Spinach Foglie D'Ulivo with Browned Butter Pine Nut Sauce
 
Author:
Serves: 4 servings
Ingredients
  • FOR THE PASTA:
  • 1 10-ounce box frozen spinach, thawed
  • 2 cups 00 flour
  • 2 eggs
  • pinch of salt
  • FOR THE SAUCE:
  • ½ cup unsalted butter
  • ¼ cup pine nuts, toasted
  • parmesan cheese, to taste
Instructions
  1. FOR THE PASTA:
  2. Drain the spinach thoroughly, squeezing out all the water you can with your hands.
  3. Then press it with paper towels to get out any remaining water.
  4. Place the spinach and the two eggs into the food processor to break down the spinach.
  5. Start adding the flour.
  6. You may need as little as a cup and a quarter of flour.

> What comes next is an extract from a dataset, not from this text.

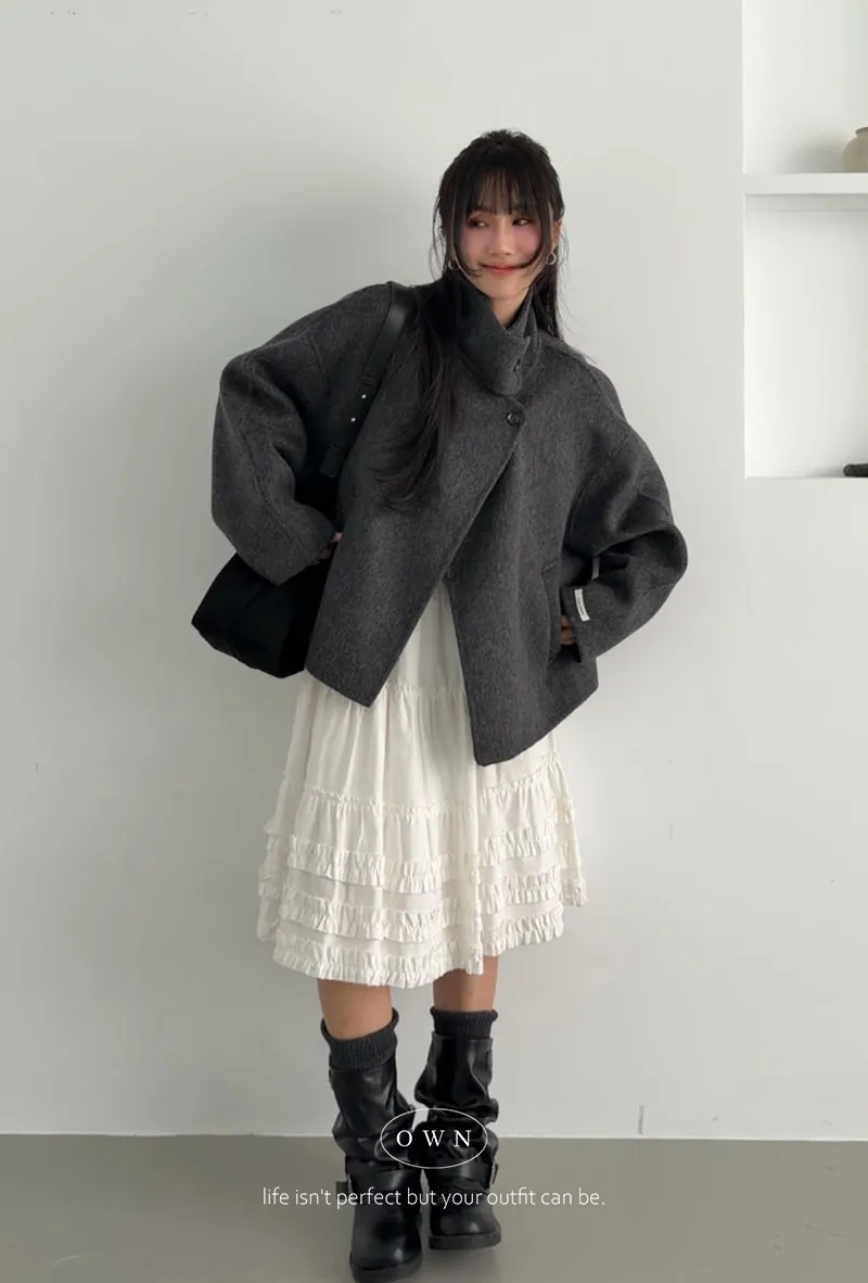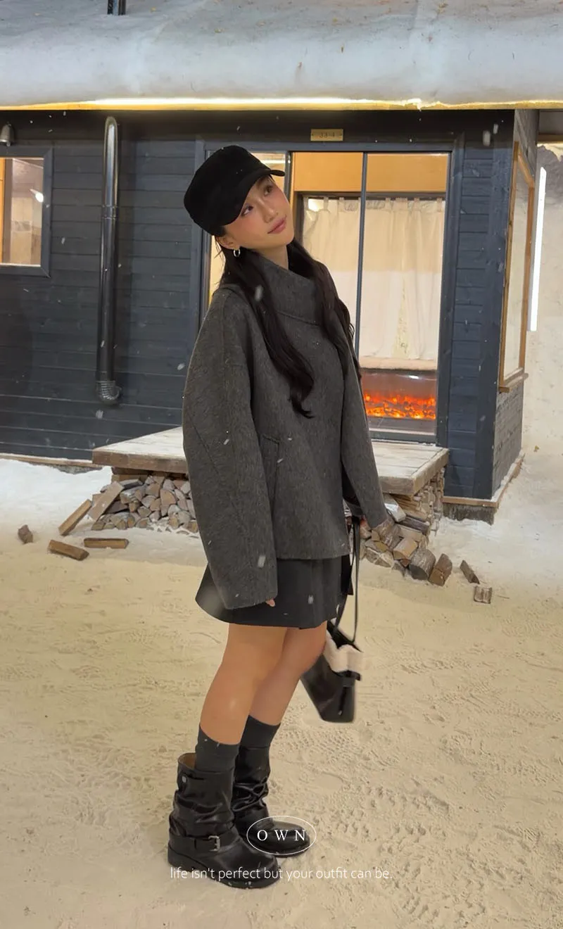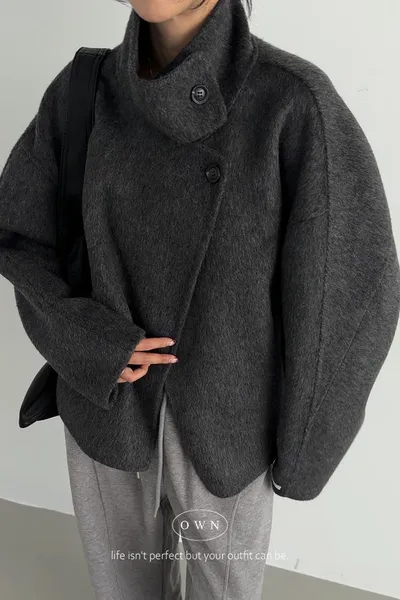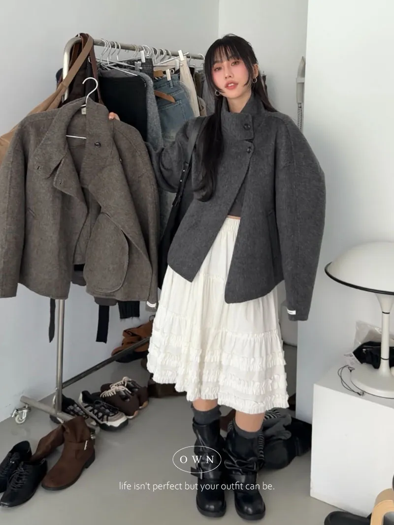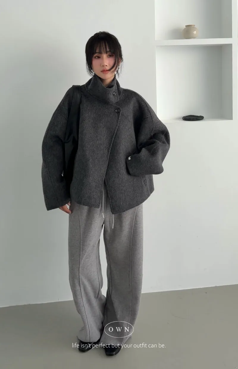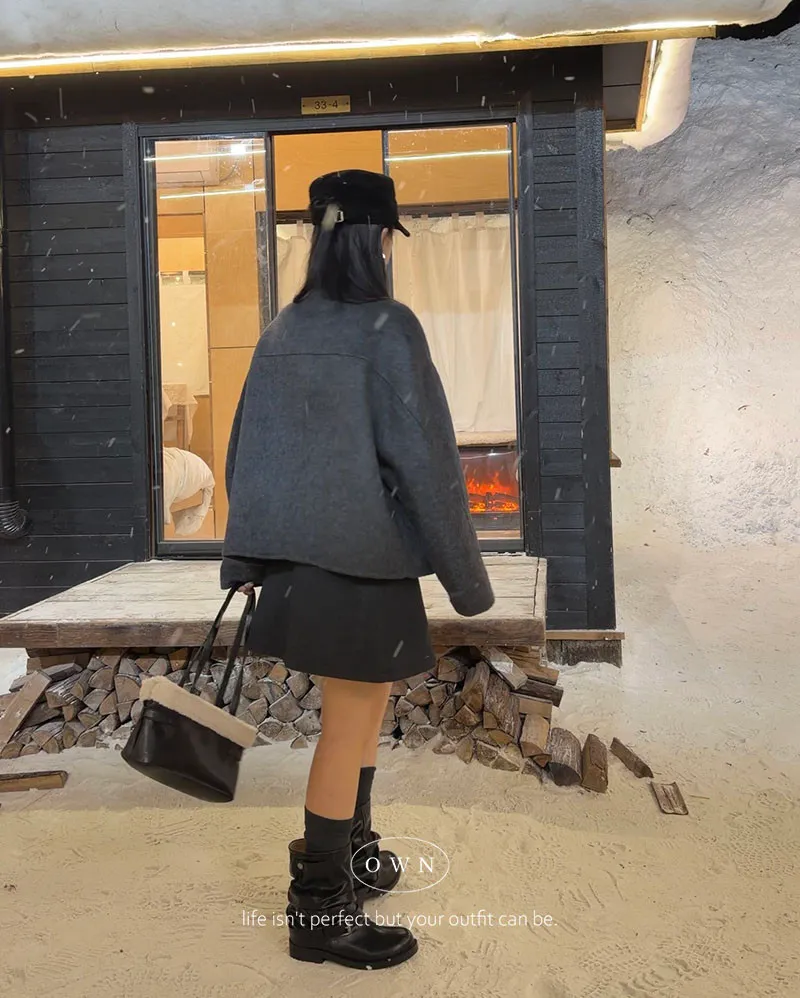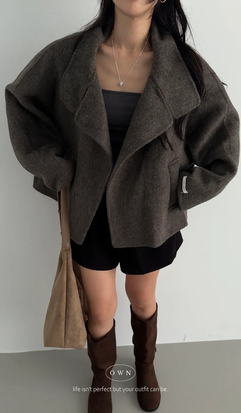 給你滿分氣場 小立領微短版羊絨外套 2colors
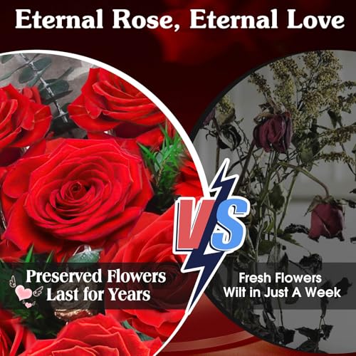 Specification: ADDWel 24 Preserved Real Red Rose Bouquet Long-Lasting Flowers for Her and Romantic Gifts for Wife Girlfriend, Two Dozens Forever Fresh Roses for Delivery Prime

  7. It's easy to add more flour later, but much harder to work the dough if you place too much flour into the food processor.
  8. Add just enough flour and process until the dough comes together into a ball.
  9. It will be sticky.
  10. Place the dough onto a wooden work surface, add more flour until the stickiness disappears and the dough seems more "homogenized" and softer.
  11. Cover the dough with plastic wrap or a bowl and let it sit for at least ½ hour.
  12. To make the foglie, take a piece of the dough and roll it out to a snake-like shape, about ½ inch thick and about 6 to 8 inches long.
  13. If you roll it too long, it's harder to handle.
  14. Cut off small bits of the snake-like roll.
  15. Roll the small bit so it is a bit thinner on the ends than in the middle,
  16. Holding one part of the dough with one hand, use a knife or spatula in the other hand and press down on the dough, sliding the knife or spatula along the dough.
  17. Shape with your fingers to make the ends more like a "point" of a leaf if you like.
  18. Cook the pasta in abundant salted water.
  19. If you let the pasta dry overnight, it will take longer to cook, maybe as long as 15 minutes, depending on the thickness.
  20. Meanwhile, take the butter and place it in a saucepan.
  21. Cook it on medium heat until it starts to turn tan.
  22. It can burn easily, so be careful not to let it get to that point.
  23. Add the toasted pine nuts, then the drained pasta and toss everything together.
  24. Place in a serving bowl, then sprinkle with parmesan cheese.